Please return only the lines between the line with "Spendenkonto: Frankfurter Volksbank" and the final line of the entries, both included, and exclude pictures.

####################

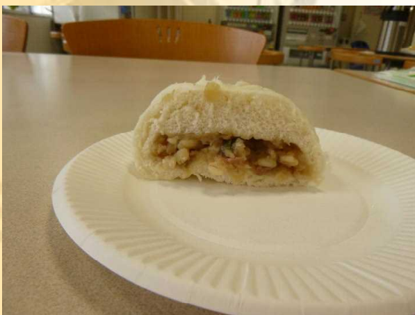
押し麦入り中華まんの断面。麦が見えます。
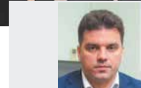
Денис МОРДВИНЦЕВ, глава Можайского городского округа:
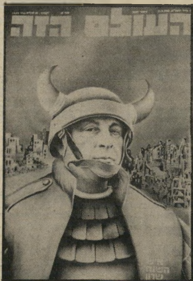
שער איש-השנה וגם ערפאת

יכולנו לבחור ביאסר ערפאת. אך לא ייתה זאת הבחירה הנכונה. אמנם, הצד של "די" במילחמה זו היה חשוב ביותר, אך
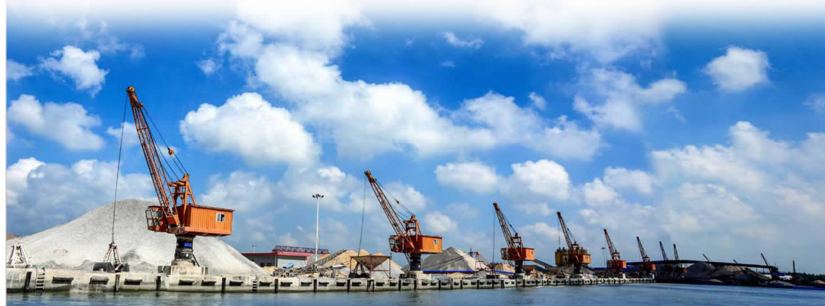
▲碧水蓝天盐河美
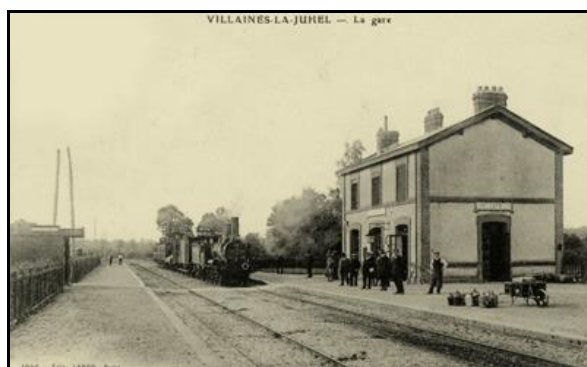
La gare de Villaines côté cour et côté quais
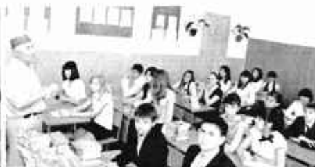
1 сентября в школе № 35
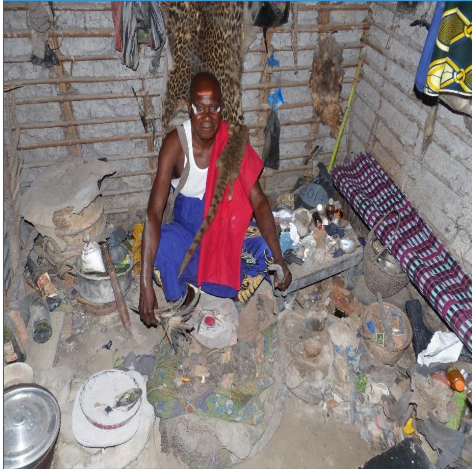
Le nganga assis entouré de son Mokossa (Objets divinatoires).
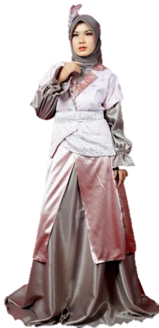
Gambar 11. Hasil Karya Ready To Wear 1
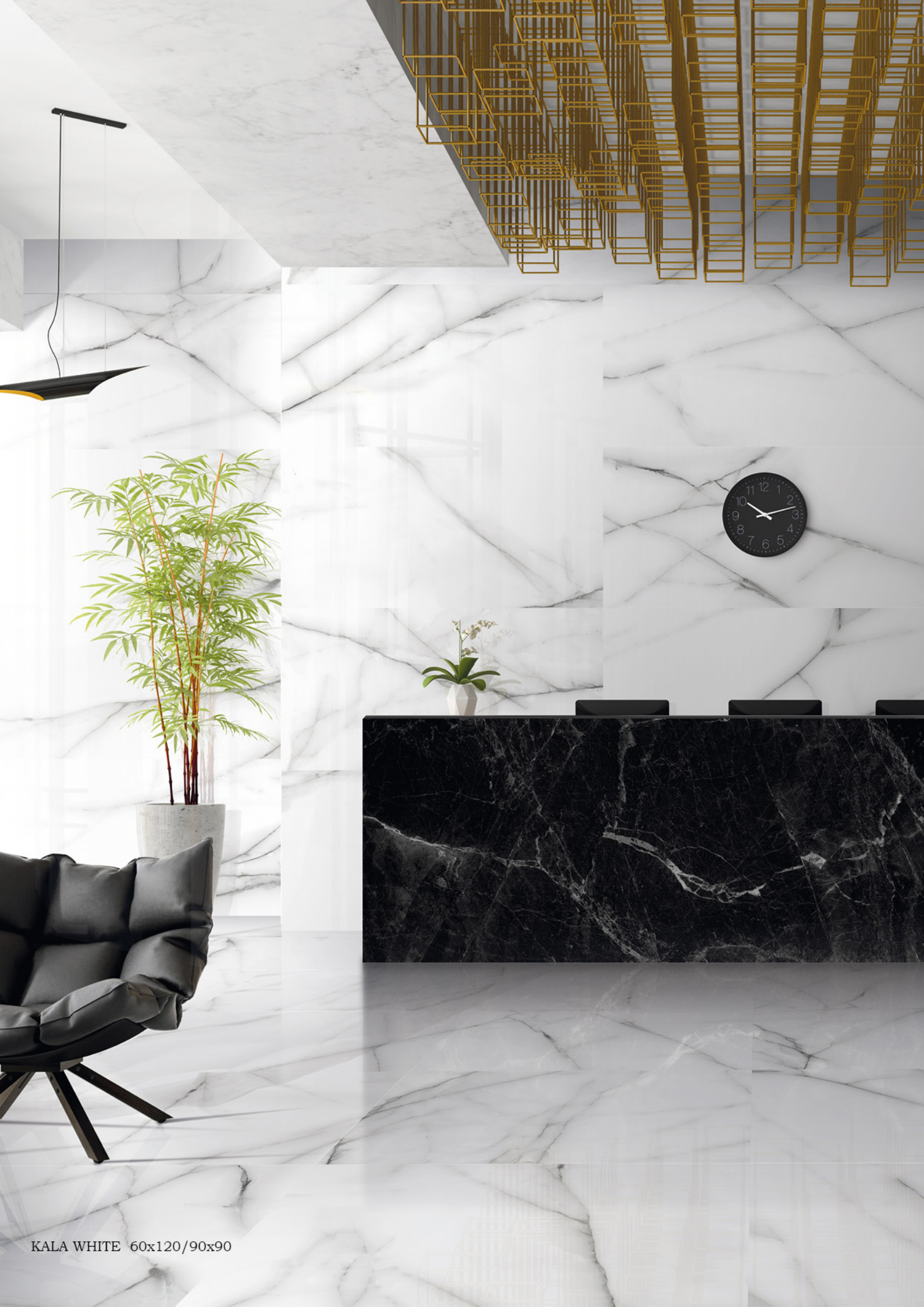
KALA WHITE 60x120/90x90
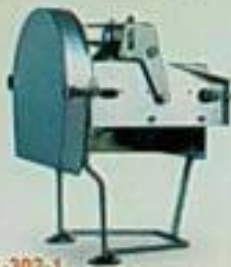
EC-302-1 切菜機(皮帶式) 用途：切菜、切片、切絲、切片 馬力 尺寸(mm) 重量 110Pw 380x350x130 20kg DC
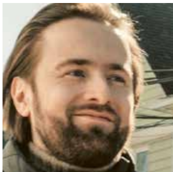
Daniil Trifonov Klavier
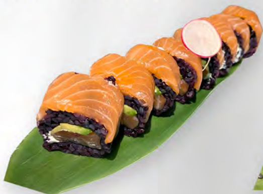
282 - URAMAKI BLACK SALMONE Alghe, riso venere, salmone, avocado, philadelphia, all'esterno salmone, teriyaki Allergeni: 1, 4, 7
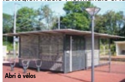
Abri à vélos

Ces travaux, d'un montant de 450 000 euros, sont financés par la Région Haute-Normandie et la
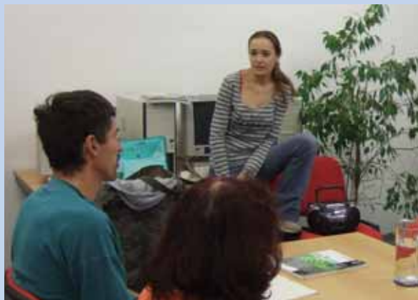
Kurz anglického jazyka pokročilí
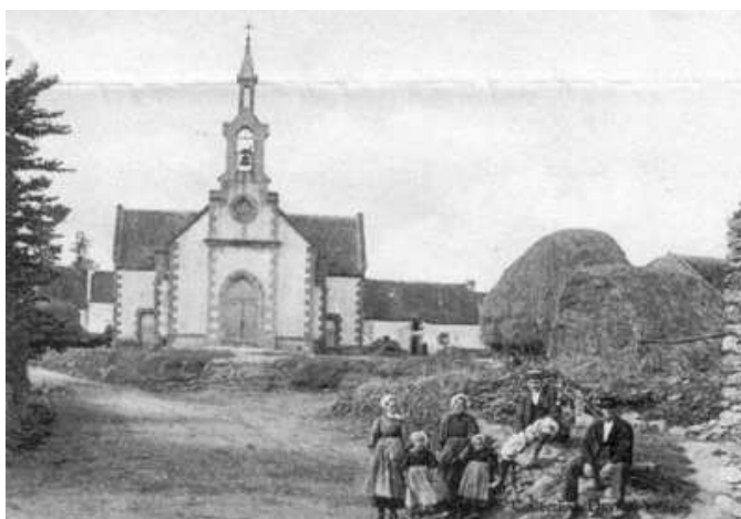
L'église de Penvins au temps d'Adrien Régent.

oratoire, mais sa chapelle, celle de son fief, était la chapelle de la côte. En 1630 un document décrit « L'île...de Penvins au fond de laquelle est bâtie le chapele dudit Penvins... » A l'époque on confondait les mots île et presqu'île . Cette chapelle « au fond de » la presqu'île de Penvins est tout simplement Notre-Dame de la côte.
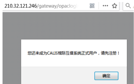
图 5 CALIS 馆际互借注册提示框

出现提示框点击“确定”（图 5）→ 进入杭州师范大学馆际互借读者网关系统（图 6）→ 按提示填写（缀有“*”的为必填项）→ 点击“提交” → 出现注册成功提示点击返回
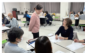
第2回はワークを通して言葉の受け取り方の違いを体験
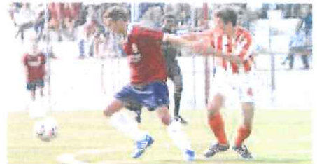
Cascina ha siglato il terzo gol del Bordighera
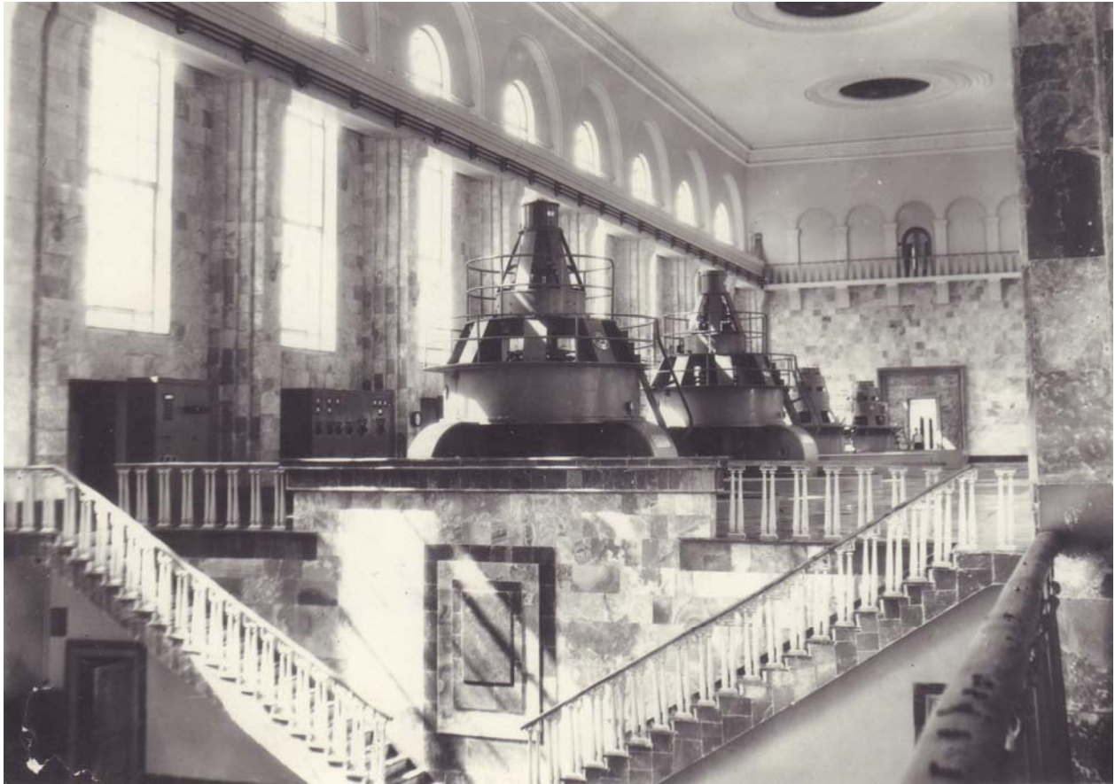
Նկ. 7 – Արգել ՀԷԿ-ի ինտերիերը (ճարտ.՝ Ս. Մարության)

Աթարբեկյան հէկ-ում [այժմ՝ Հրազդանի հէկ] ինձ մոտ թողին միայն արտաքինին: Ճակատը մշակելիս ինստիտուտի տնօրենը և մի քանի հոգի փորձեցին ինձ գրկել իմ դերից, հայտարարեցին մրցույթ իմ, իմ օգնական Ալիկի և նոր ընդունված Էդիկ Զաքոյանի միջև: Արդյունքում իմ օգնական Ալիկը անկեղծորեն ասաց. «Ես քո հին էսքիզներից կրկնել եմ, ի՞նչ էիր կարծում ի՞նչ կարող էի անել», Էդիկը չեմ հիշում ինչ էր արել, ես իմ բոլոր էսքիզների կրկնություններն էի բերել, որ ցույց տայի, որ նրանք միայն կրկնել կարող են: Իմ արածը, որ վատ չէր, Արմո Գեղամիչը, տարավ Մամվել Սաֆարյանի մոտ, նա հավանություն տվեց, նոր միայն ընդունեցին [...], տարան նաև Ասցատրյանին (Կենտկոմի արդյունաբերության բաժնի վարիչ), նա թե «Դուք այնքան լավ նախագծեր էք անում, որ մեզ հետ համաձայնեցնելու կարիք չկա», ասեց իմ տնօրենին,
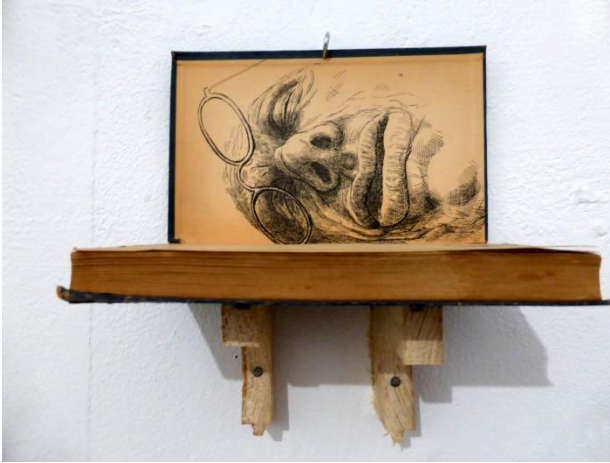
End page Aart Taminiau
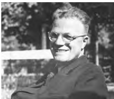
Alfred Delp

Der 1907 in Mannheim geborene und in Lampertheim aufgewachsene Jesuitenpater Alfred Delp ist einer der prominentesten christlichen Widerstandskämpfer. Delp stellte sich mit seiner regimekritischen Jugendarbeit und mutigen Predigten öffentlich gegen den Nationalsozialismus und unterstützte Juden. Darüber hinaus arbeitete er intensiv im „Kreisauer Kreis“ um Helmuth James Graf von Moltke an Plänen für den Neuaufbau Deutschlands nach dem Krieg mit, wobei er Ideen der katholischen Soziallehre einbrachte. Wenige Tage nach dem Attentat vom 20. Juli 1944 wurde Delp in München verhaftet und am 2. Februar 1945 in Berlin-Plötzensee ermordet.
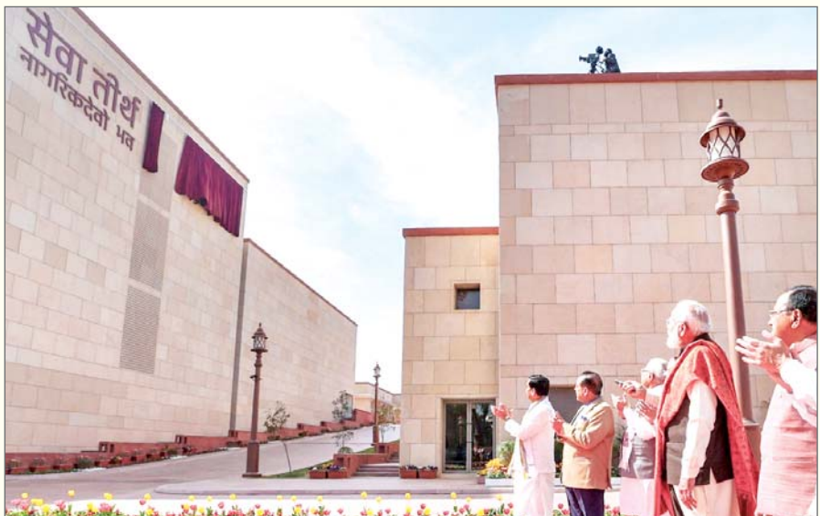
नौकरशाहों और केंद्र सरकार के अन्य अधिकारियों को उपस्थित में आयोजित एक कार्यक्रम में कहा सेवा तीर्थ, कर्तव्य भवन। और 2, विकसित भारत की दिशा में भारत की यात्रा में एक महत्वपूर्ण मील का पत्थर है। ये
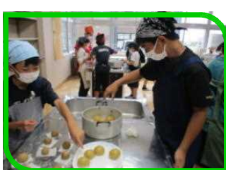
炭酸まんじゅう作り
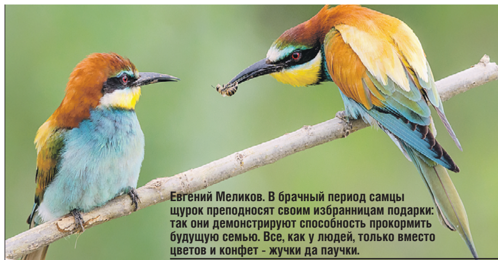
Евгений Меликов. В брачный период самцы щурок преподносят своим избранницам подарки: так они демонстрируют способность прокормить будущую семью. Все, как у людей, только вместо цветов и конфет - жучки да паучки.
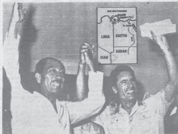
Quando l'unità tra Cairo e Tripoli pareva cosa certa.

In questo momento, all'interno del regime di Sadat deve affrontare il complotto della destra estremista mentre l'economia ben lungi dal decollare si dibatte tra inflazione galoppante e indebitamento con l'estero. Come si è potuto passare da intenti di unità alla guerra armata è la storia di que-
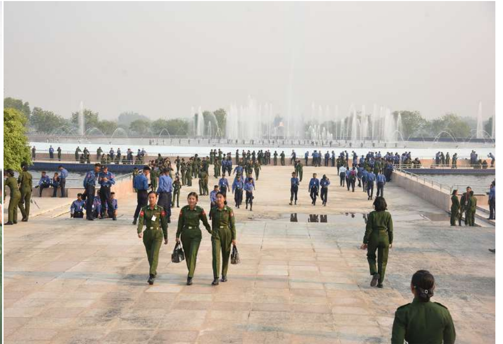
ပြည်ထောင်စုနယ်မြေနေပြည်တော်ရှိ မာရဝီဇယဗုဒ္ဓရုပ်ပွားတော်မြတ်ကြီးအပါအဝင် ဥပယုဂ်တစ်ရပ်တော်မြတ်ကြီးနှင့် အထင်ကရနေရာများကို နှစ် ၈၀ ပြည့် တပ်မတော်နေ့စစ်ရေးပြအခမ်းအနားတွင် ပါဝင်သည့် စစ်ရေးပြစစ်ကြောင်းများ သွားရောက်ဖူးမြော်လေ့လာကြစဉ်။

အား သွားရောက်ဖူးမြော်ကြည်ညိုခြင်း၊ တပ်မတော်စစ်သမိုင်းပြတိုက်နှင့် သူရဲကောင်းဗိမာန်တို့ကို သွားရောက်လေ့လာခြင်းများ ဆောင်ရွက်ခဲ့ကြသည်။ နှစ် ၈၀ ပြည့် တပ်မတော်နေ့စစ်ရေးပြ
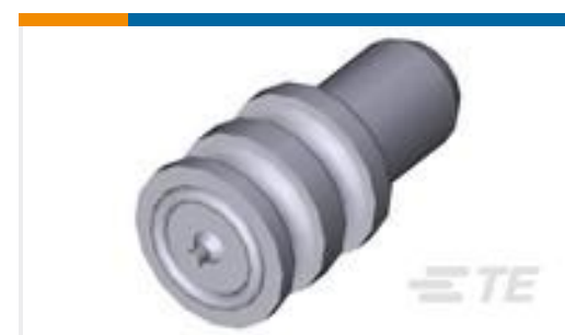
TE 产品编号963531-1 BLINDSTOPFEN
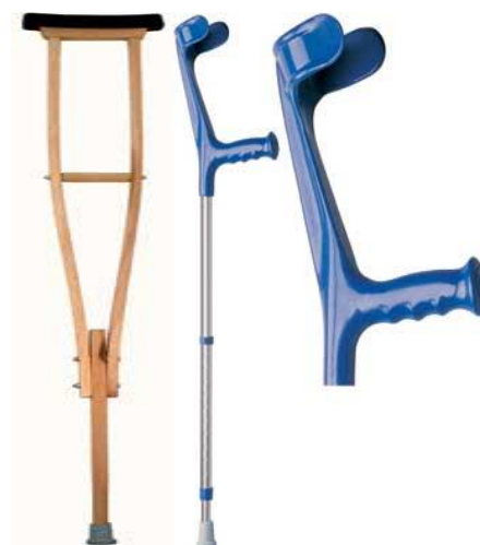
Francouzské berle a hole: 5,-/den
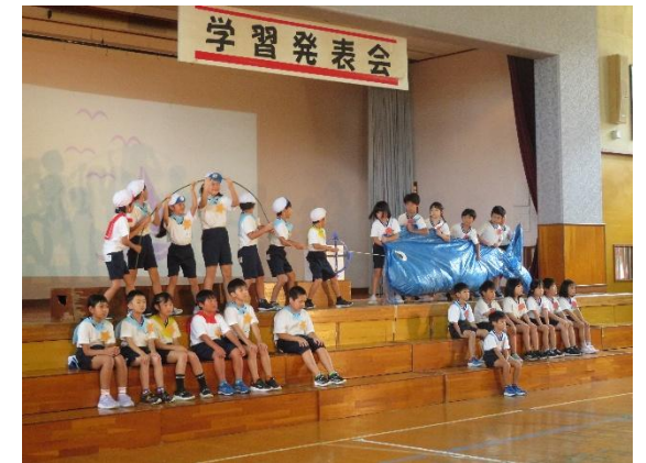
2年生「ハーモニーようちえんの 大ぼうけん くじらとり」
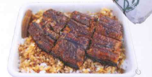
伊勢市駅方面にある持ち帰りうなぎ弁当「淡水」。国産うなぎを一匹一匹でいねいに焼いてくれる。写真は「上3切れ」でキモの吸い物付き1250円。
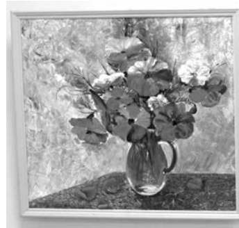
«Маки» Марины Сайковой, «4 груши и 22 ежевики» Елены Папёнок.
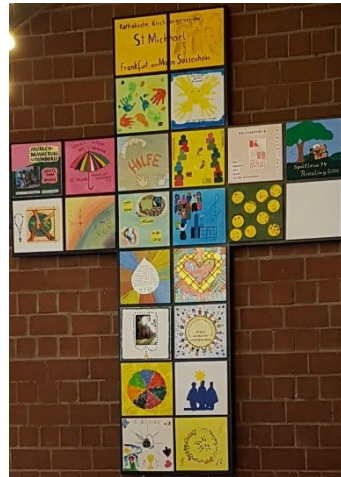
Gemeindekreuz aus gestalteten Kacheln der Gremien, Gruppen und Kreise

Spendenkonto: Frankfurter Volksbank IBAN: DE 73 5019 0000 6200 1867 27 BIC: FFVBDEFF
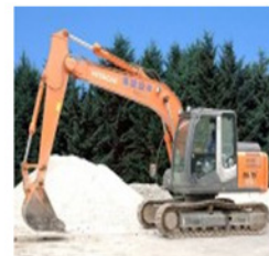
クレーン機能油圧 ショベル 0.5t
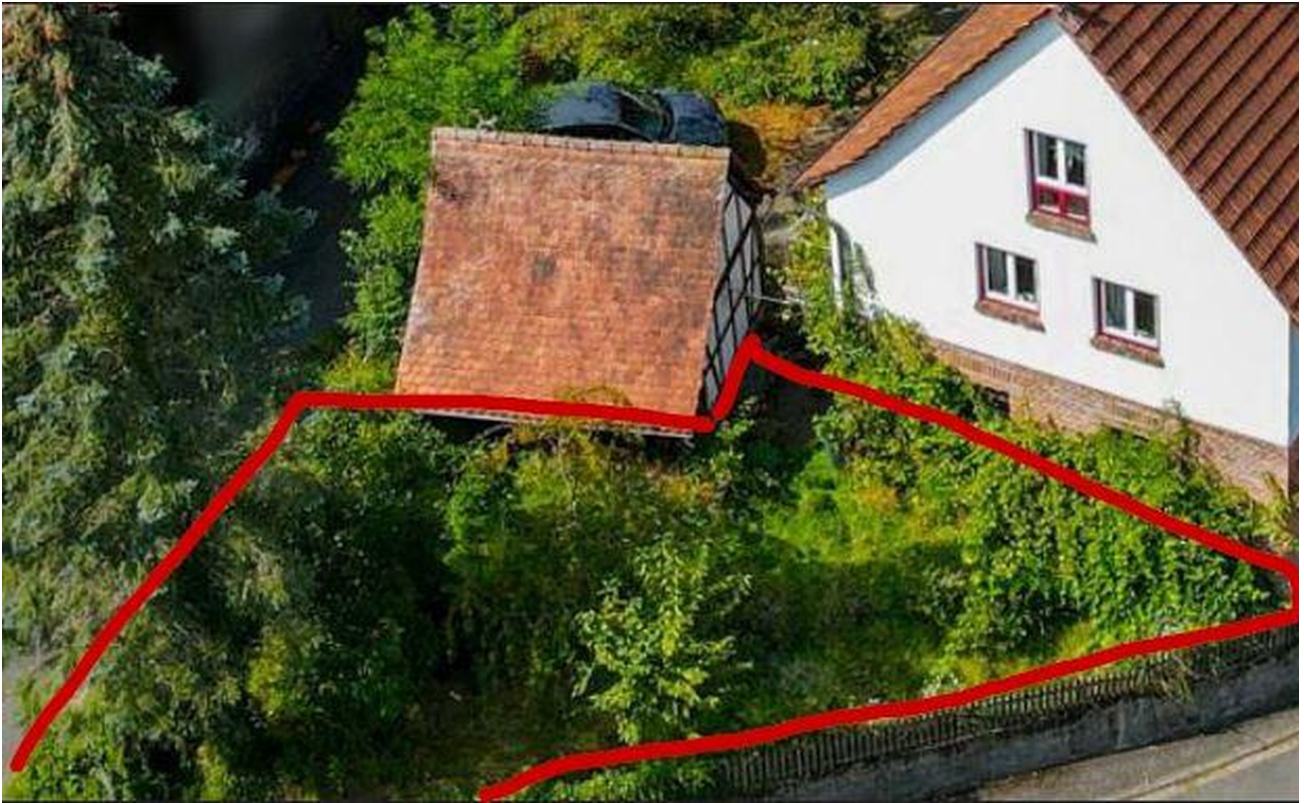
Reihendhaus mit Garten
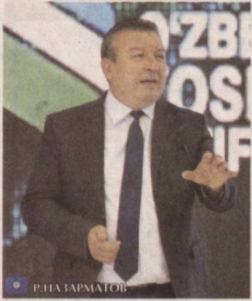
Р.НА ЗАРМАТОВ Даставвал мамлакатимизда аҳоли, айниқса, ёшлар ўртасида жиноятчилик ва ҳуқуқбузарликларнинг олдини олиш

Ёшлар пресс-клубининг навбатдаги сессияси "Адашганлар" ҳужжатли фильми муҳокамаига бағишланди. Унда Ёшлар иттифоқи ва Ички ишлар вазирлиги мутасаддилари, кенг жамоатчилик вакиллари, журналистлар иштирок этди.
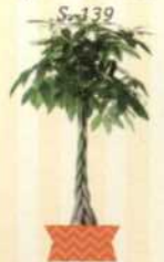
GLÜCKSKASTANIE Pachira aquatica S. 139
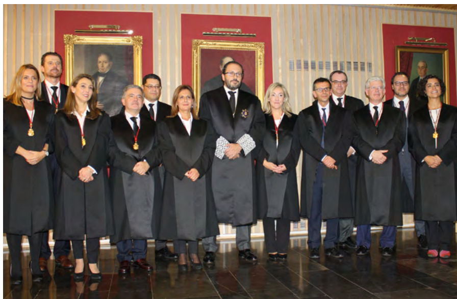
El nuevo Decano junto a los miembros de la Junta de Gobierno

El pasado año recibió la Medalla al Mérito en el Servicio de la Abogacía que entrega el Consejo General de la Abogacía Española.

####################

◆ **Result for this exercise**:
Spendenkonto: Frankfurter Volksbank IBAN: DE 73 5019 0000 6200 1867 27 BIC: FFVBDEFF
クレーン機能油圧 ショベル 0.5t
Reihendhaus mit Garten
Р.НА ЗАРМАТОВ Даставвал мамлакатимизда аҳоли, айниқса, ёшлар ўртасида жиноятчилик ва ҳуқуқбузарликларнинг олдини олиш

Ёшлар пресс-клубининг навбатдаги сессияси "Адашганлар" ҳужжатли фильми муҳокамаига бағишланди. Унда Ёшлар иттифоқи ва Ички ишлар вазирлиги мутасаддилари, кенг жамоатчилик вакиллари, журналистлар иштирок этди.
GLÜCKSKASTANIE Pachira aquatica S. 139
El nuevo Decano junto a los miembros de la Junta de Gobierno

El pasado año recibió la Medalla al Mérito en el Servicio de la Abogacía que entrega el Consejo General de la Abogacía Española.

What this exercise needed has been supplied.